PROBLEM TO WORK ON: Nothing but the text should be carried over: reproduce all the data exactly and leave out every image.

GIVEN DATA:
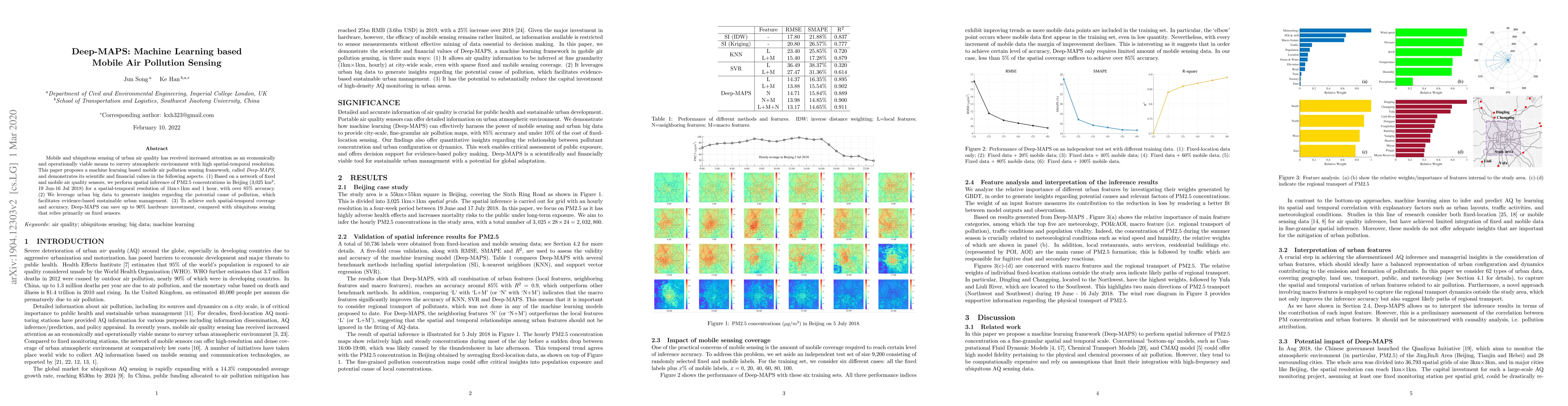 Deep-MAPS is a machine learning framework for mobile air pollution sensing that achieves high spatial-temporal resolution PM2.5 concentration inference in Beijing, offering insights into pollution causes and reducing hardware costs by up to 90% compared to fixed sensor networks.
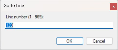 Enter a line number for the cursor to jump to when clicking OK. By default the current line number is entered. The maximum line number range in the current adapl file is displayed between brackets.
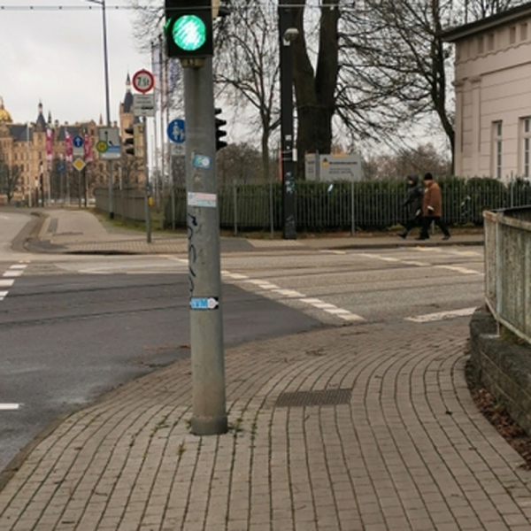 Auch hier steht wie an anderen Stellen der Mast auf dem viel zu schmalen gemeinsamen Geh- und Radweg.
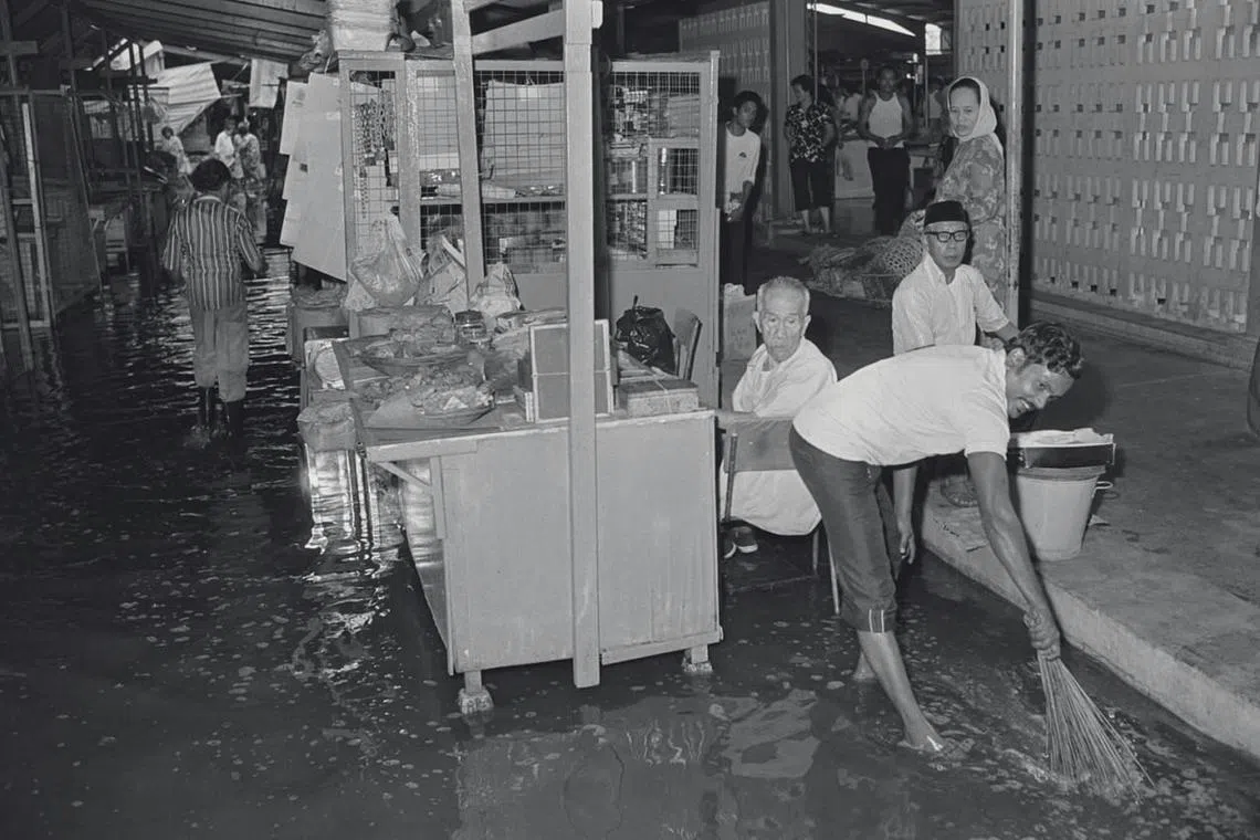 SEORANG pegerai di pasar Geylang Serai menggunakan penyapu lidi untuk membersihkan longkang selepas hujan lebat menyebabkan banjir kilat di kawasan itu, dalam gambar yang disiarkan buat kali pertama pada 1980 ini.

RESPONSE TO THE TASK:
 Deep-MAPS is a machine learning framework for mobile air pollution sensing that achieves high spatial-temporal resolution PM2.5 concentration inference in Beijing, offering insights into pollution causes and reducing hardware costs by up to 90% compared to fixed sensor networks.
 Enter a line number for the cursor to jump to when clicking OK. By default the current line number is entered. The maximum line number range in the current adapl file is displayed between brackets.
 Auch hier steht wie an anderen Stellen der Mast auf dem viel zu schmalen gemeinsamen Geh- und Radweg.
 SEORANG pegerai di pasar Geylang Serai menggunakan penyapu lidi untuk membersihkan longkang selepas hujan lebat menyebabkan banjir kilat di kawasan itu, dalam gambar yang disiarkan buat kali pertama pada 1980 ini.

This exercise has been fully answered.